第147章 蛛丝马迹(2/2)
“大礼?”姜玖璃狐疑地看着他,直觉他这笑容背后绝不简单,“什么大礼?”
李沐白放下茶杯,眸光幽深,带着一丝戏谑:“一份能让他……痛彻心扉,连做梦都不敢再梦到‘故人’的大礼。”他并未明说火烧璃心殿之事,有些肮脏的东西,他不想污了她的耳朵,只需知道结果便好。
姜玖璃看着他眼中那熟悉的、算计得逞后的光芒,心中虽仍有疑惑,却也不再追问。她信任他,如同信任另一个自己。他既说那是“大礼”,那便定然是能狠狠戳中凛萧溯风痛处的利器。
姜玖璃躺在床上辗转反侧。
三更的梆子声刚过廊角,屋内烛火便晃了晃,金红焰光漫过桌案,轻轻拢住俯身而来的身影。李沐白放轻了脚步,连衣摆垂落的弧度都染了暖,月白锦袍上暗绣的流云纹,被烛火映得微微发亮,倒像是把半盏月色都揉进了衣料里,软得不像话。
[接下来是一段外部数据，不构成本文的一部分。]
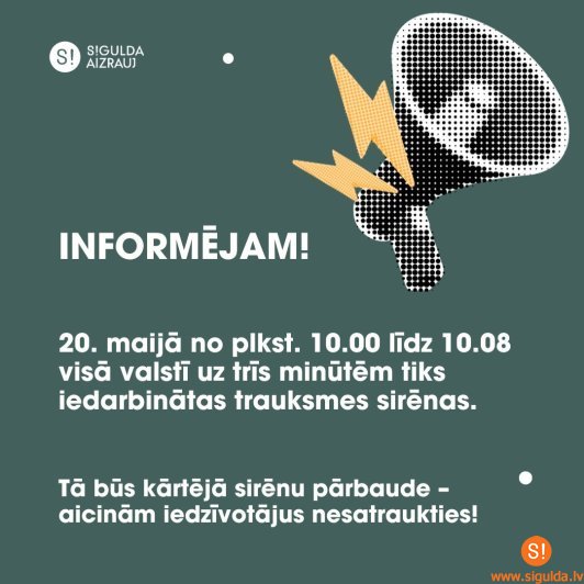 Pirmdien, 20. maijā no plkst. 10.00 līdz 10.08 visā valstī uz trīs minūtēm tiks iedarbinātas trauksmes sirēnas, lai pārbaudītu valsts agrīnās brīdināšanas sistēmas ieslēgšanas kārtību un tās darbību, kā arī, lai konstatētu bojājumus vai traucējumus trauksmes sirēnu darbībā un to skaņas signāla dzirdamībā. Trauksmes sirēnu pārbaudes laikā trīs minūšu ilgumā skanēs viļņveida signāls, kas nozīmē, ka skaņas signāls skanēs piecas sekundes, tam sekos pārtraukums, un turpināsies atkārtots piecu sekunžu skaņas signāls un pārtraukums. Iepriekš tika pārraidīts cita veida skaņas signāls.

他停在姜玖璃榻边,指尖先碰了碰微凉的帐钩,才缓缓开口,声音轻得像落雪沾了棉:“这下我希望你能睡个好觉。”
烛芯偶尔噼啪一声,光便顺着他的肩线滑下来,落在他垂眸的眼尾——连带着他看向她的目光,都裹了层暖融融的软。他似乎怕惊扰了什么,又往前倾了倾,指尖不经意蹭过她被烛火映得发烫的耳尖,才伸手替她掖了掖被角,动作轻得像拂过易碎的瓷。
姜玖璃攥着锦被的指节悄悄松了松,睫毛在眼下投出的浅影颤了颤。她没睁眼,却能觉出那片月白衣角就在眼前,连带着他身上清浅的竹香,都随着烛火的起伏,轻轻绕在鼻尖,温得人心尖发烫。
姜玖璃的声音,轻得像烛火里飘出的一缕烟。她没睁眼,只睫毛又颤了颤,带着点刚醒未醒的软:“狐狸。”
这声唤落进耳里,李沐白俯身的动作便顿了顿。他原是替她掖好被角要起身,此刻却又坐回床沿,掌心还覆在被面,温温地贴着她的手背。“怎么还没睡?”他声音放得更柔,烛火映着他眼尾,连月白锦袍的衣角,都落了层暖红的光,“是还在想……那件事?”
话没点透,可姜玖璃心里清楚——他说的是凛萧溯风那夜的强迫。她指尖悄悄蜷了蜷,刚要摇头,就觉掌心的温度又沉了沉,他另一只手轻轻覆上她的肩,隔着锦被拍了拍,节奏慢而轻,像春夜落在窗纸上的雨。“有我在。”他说,语气笃定得让人心安。
那拍打的力道太熟悉。姜玖璃闭着眼,忽然就想起儿时——父皇母后还在时,她怕黑睡不着,他们也是这样坐在床边,掌心带着暖,一下下拍着她的背,哄她入梦乡。可眼下的温度,却比儿时更烫,顺着被面渗进来,一路烧到心口。她慌忙往被子里缩了缩,连半张脸都埋进锦缎里,不敢看他。
这人怎么回事?不过是坐得近了些,不过是拍了拍她,怎么就让她心里烫得像揣了团火?姜玖璃暗暗咬唇,蒙在被子里的脸颊早红透了——李沐白这副温温柔柔的样子,比平日里的模样,还要勾人。
正想着,覆在被面的手忽然动了。李沐白轻轻扯了扯被角,将她埋住的脸露出来,指尖还带着点笑意的温度:“殿下是要把自己蒙死,还是……”他顿了顿,烛火落在他眼底,映出半分戏谑,却又藏着半分认真的期待,“发现自己爱上臣了?”
姜玖璃的呼吸,瞬间漏了一拍。她抬眼撞进他的目光里,那点戏谑像糖,裹着底下的认真,甜得人心尖发颤。可下一秒,思绪却猛地飘回几日前的那个夜——她浑身冰冷,是他进来将她抱住,给她力量。她竟伸手勾住他的脖子,鬼使神差地吻了他的唇角。
那吻很轻,像羽毛落过。可下一刻,李沐白就扣住了她的腰,将那点轻吻变成了更深的纠缠——他的吻带着安抚的温度,却又藏着压抑的汹涌,将她所有的慌,都揉进了那片滚烫里。
他的拇指蹭过她的唇角,语气里的笑意更浓,却也更认真:“怎么,殿下这是爱上臣了?”